Map, Authors in Study by Country, Jack Elliott
Jack Elliott, "Authors in Study by Country," courtesy of author.

The category romances of Harlequin Mills and Boon are an international phenomenon—sold everywhere from cell phones in Japan to railway stations in Europe and written by authors from around the world. The most popular of these categories is Harlequin Presents, which was originally started with only authors from England, but is now dominated by writers from the United Kingdom, Australia, and the United States. Because Harlequins are a mass-market product sold around the world, some argue that regional differences in the writing have been erased by Harlequin’s tight corporate control. 1

At superficial level, this is certainly not the case—writers from North America use North American spelling, and writers from elsewhere prefer British English. But are there other, more significant underlying regional differences? To see if I can find these differences, I’ve taken 185 Harlequin Presents published in the lead-up to April this year, and lumped them into three regions. The Antipodes encompasses writers from Australia, South Africa, and New Zealand. The European region takes all writers from the United Kingdom and mainland Europe together. The North America region includes both Canadian and U.S. authors.

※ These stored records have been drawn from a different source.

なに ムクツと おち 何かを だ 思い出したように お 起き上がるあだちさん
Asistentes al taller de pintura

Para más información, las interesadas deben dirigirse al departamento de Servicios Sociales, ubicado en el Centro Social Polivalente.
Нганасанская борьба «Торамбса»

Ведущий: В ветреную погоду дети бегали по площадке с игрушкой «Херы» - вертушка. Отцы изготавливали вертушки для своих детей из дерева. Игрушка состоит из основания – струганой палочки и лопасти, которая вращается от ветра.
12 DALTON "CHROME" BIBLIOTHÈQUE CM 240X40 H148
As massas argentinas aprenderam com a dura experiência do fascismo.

Now, we could read all 185 novels and try to compare how authors from the different regions use language. This might be a little time-consuming, and it would certainly be out of date by the time we finished! Luckily, one can train a computer to spot differences in word-use. The program I’ve used, Breiman and Cutler’s Random Forests, gives me everything I need to know—an estimate of the accuracy, an explanation of the results, and—most importantly of all—a picture of what it’s found.

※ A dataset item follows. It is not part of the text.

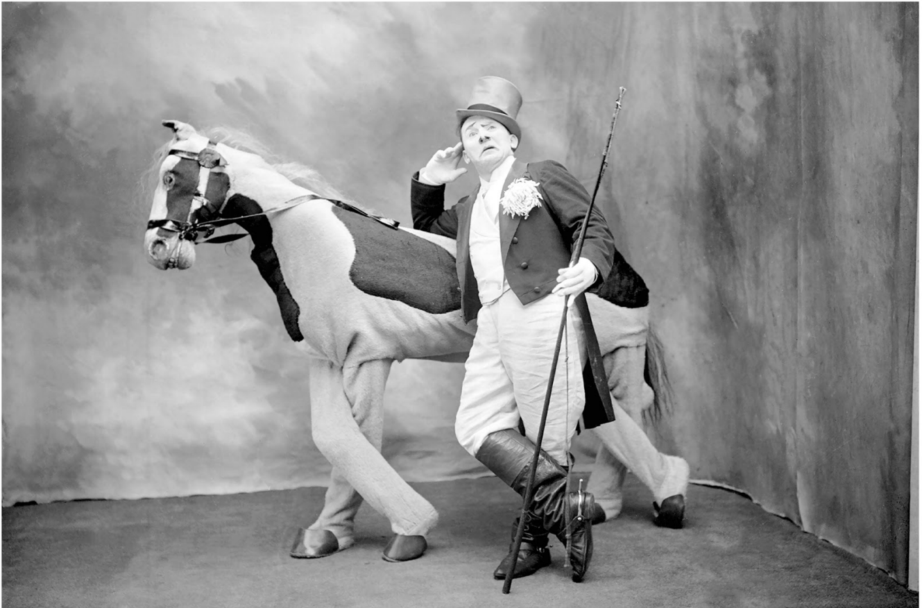
Fotó: Maurice-Louis Branger: Le clown Footit, Paris, 1903

Graph, Location of Origin, Jack Elliott

It turns out that a machine can easily tell the difference between the three regions, with texts from the Antipodes and Europe closer together and a couple of novels attempting to “break away” from Europe and join with the group of North America. These are the novels of Karen van der Zee. Born in Holland but married to an American, she has spent “a while” in the United States, and her language use reflects this. (Poor machine—I’d promised it strict categories with clear delineation: something real life cannot provide!)

Graph, Dependency Plot for Antipodes, Jack Elliott

The Random Forests also provide a way to explain how the writing differs by region. The next graph shows the most important differences between the regions from the point of view of the Antipodes. Notice how the red dotted line (the word “Sydney,” a city in Australia) and the orange dotted line (the word `”Australia”) move upwards? This means that writers using those two words are much more likely to be from the Antipodes. These isn’t just writing by Australians, it is also about Australians.

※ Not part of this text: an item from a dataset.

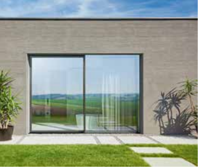
ONE by Josko ist ein reines Alu-Fenster- und Schiebetürsystem, das mit seiner absolut symmetrischen Optik und dem schlanken Rahmenmaß Qualität, Funktionalität und Design auf innovative Weise verbindet.

und an allen Seiten über ein sehr schmales Rahmenmaß von gerade einmal fünf Zentimetern verfügen. ONE by Josko präsentiert sich schlank und edel als echter Trendsetter und erzeugt an Fenstern und Türen ein harmonisches, homogenes Bild, das sich dank verschiedener Materialien und Farben problemlos jedem Wohnstil anpasst. Die Applikationen kommen wahlweise in Glas, Aluminium, Betonoptik oder diversen Holz- und Stahlarten daher. Optimal abgerundet wird das Portfolio durch extra für ONE by Josko entwickeltes Zubehör wie Griffe, Fensterbänke, Bodenschwellen, Insektenschutz und Co. Da Josko als Komplettanbieter hochwertiger Produktlinien bei Fenstern, Türen, Ganzglas-Systemen, Naturholzböden und Sonnenschutzlösungen eine Smart Mix-Philosophie ermöglicht, ist ONE by Josko auch mit allen anderen Josko Systemen perfekt kombinierbar. Mehr Infos unter www.josko.at .

Graph, Dependency Plot for North America, Jack Elliott

On the other hand, the North American region has its own distinctive characteristics. Using the same 10 words I tracked in the previous graph, here is a plot that clearly shows distinctive North American usage. Some of these don’t have much bearing on theme or ideas—the use of “toward” rather than “towards,” for example, or the frequent use of the word “gotten”—but look at the striking preoccupation with time in the North American novels! “Forever” and “anymore” are both words favored by North Americans—although the more workaday “afterwards” is not (that’s a European word).

Incidentally, “never” and “endless” are also favored by North American writers, but they are less important for differentiation.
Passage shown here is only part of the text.